Germany’s business sentiment strengthened to a four-month high in December as the economic downturn is feared to be less severe than previously estimated, results of a closely watched survey by the ifo Institute revealed.
The business climate index rose more-than-expected to 88.6 in December from 86.4 in November, data published by the Munich-based ifo Institute showed on Monday. The expected score was 87.4.
Companies’ assessment about their current situation improved after six consecutive falls. Their expectations also strengthened noticeably.
“German business is entering the holiday season with a sense of hope,” ifo President Clemens Fuest said.
The current situation index rose to 94.4 from 93.2. Economist had forecast a modest improvement to 93.5.
Expectations strengthened for a third month in a row to hit a six-month high of 83.2 versus 80.2 in the prior month. The expectations reading was also well above the expected level of 82.0.

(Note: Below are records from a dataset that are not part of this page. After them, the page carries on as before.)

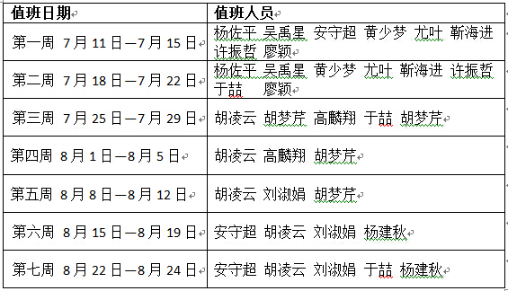 根据学校《关于2016年学校教职员工夏季工作安排的通知》相关规定,结合我馆工作与人员情况的实际,现将我馆暑期值班情况安排公布如下: 1、夏季工作日期为7月11日(星期一)至8月24日(星期三),双休日照常休息。夏季工作期间每天值班时间为:上午9:30—12:00,下午1:00-3:30。 2、值班人员安排情况: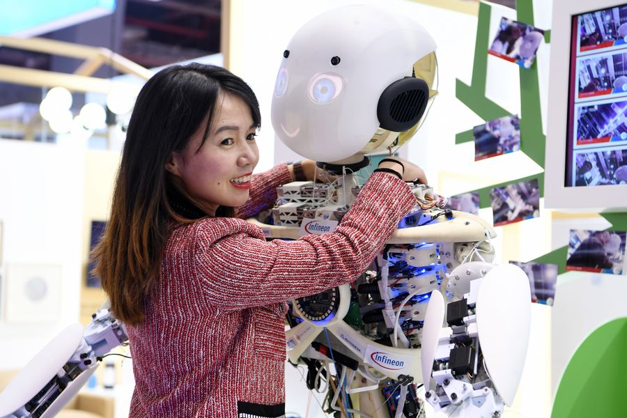 A visitor poses for a photo with Roboy, a humanoid robot of Infineon, at the Sci-tech Life exhibition area during the second China International Import Expo (CIIE) in Shanghai, east China, Nov. 7, 2019. (Xinhua/Fan Peishen)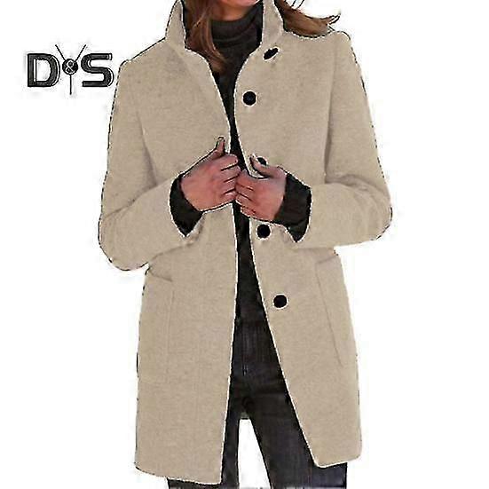 Women Fall Winter Coat Stand Collar Neck Protection Thick Solid Color Warm Windproof Mid Length Single breasted Cardigan Long Sleeve Lady Overcoat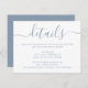 Ge dina gäster viktig information med detta eleganta moderna dammiga blå bröllopsföljekort som har en modern typsnitt. Matchande artiklar finns tillgängliga.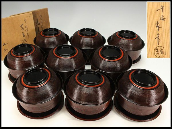 - 【金閣】石州好 独楽塗 蕎麦椀 九客 受皿 九客 平安象彦製 共箱 旧家蔵出 送料無料(A750)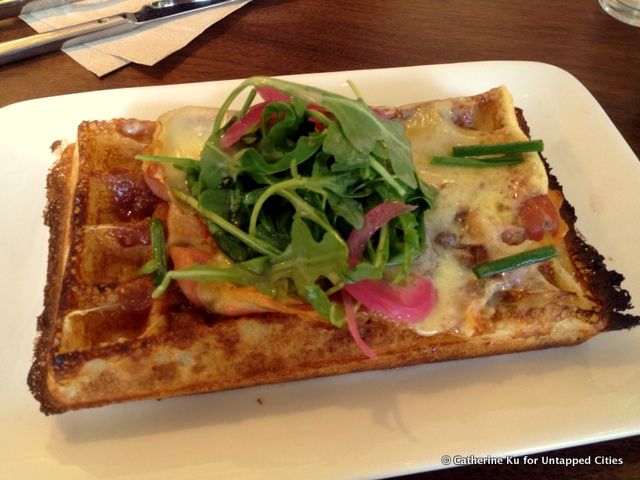 The sit-down location serves an expanded menu of savory items like the Oh Oh Serrano wafel.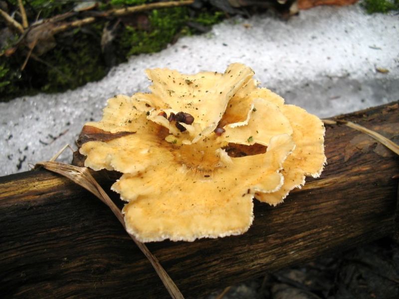 Hallo, ich habe mal wieder zwei Fragen an Euch: Auf dem heutigen Streifzug, habe ich an einem liegenden Buchen-Ast folgende Pilze gefunden: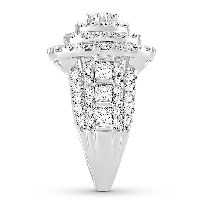 The most important chapter of your love story is about to begin. Celebrate the moment with a ring that's as bold and brilliant as your feelings for each other. This breathtaking engagement ring for her is awash in dozens of round and princess-cut diamonds totaling an impressive 4 carats in total weight. The ring is crafted of 14K white gold.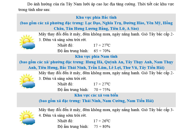 • DỰ BÁO THỜI TIẾT KHU VỰC HƯNG YÊN ĐÊM 02 NGÀY 03/12/2025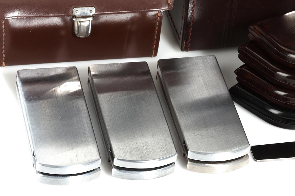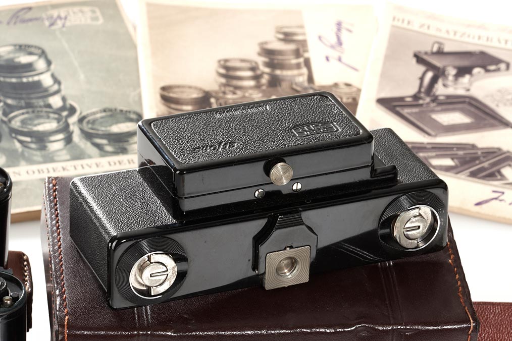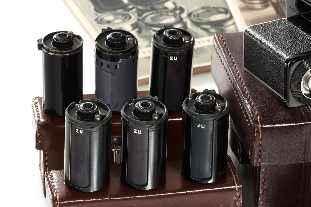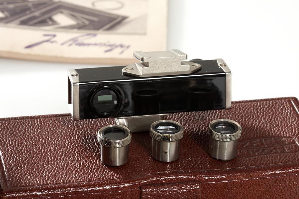 near mint magazine back 540/13 for Contax I in leather case with 7 plates and focusing screen, chrome 5&13.5cm finder 433/26, rare and early film trimming template in case, very early Contameter no. W.130 with all accessories in maker's case, 7 filters for 42mm diameter in maker's bakelite keepers, 6 film spools in cases, some literature (14)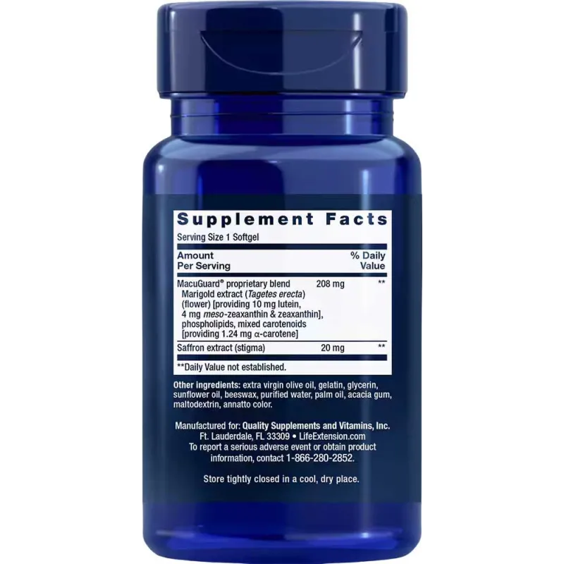 Soporte Ocular MacuGuard® con Azafrán proporciona luteína, trans-zeaxantina y meso-zeaxantina, tres nutrientes importantes que protegen las delicadas células fotorreceptoras en la mácula de la retina del daño de la luz.Beneficios de un vistazo: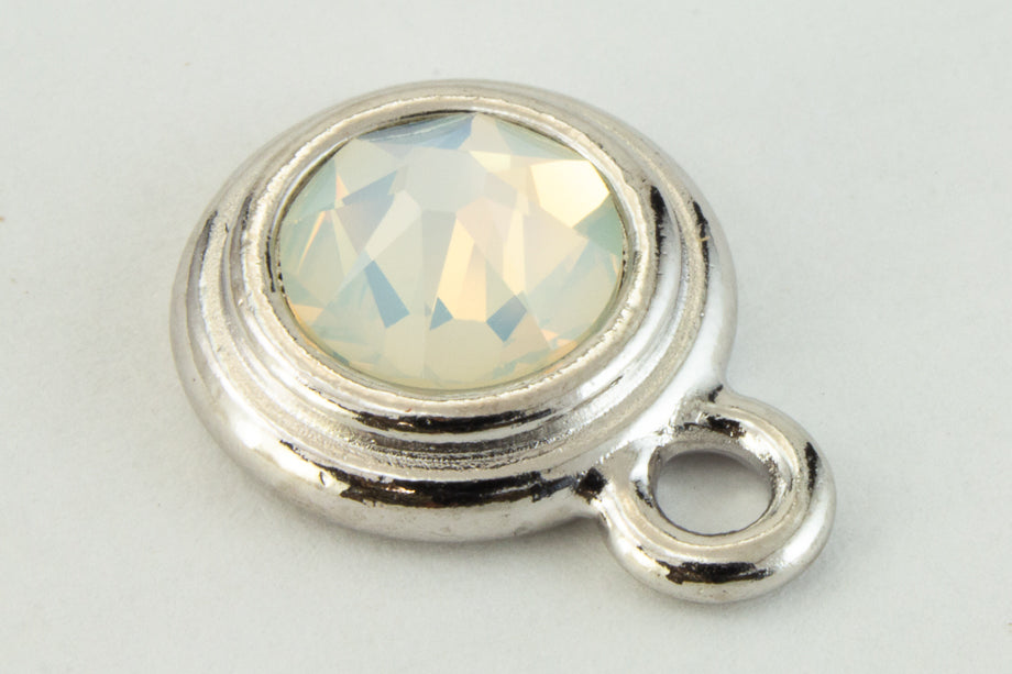 16mm x 12mm rhodium round ear post with bezel filled by 34ss white opal flat back rhinestone. Inner diameter measures 7.2mm. 2.25mm loop.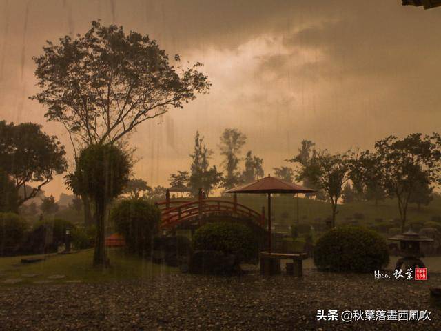 新加坡的天气,遇到雨季就会像中国高原的天气一样,前一秒可是蓝天白云,下一刻就是狂风暴雨。还好这里有庭院可以暂且避雨。

In manufacturing, business morale rose substantially underpinned by strong expectations. Companies were also more satisfied with their current business.
Sentiment among service providers improved markedly again in December. This was mainly driven by the dwindling pessimism concerning the coming six months. Service providers assessed their current situation as better.
In trade, business morale advanced to its highest level since June. Businesses assessed their current situation as mildly positive for the first time since August, while the outlook is still pessimistic.
In construction, the business climate worsened slightly. Businesses were a little less satisfied with their current situation. Expectations brightened marginally, but remained very pessimistic.
Renewed rise in the business climate index and the general improvement in the surveys over the past two months suggests the outlook for the German economy has improved, Capital Economics economist Franziska Palmas said.
But the economist still expects the biggest euro area economy to experience a recession, albeit a shallower one than initially feared.
Earlier this month, the ifo Institute predicted that said Germany is set to experience a less severe recession next year as the economy would recover by the spring and rebound strongly with incomes rising faster than prices.
Gross domestic product is forecast to fall only 0.1 percent next year after an estimated 1.8 percent expansion in 2022.
Last week, the European Central Bank signaled that it will continue raising interest rates, at least in the first quarter of next year, in a steady manner. This month, the bank slowed the pace of tightening to 50 basis points from 75 basis points.
The ECB projected a less severe recession for the Eurozone in the first quarter, but said inflation is expected to remain high for a long time and expects it to return to its target band only in 2025.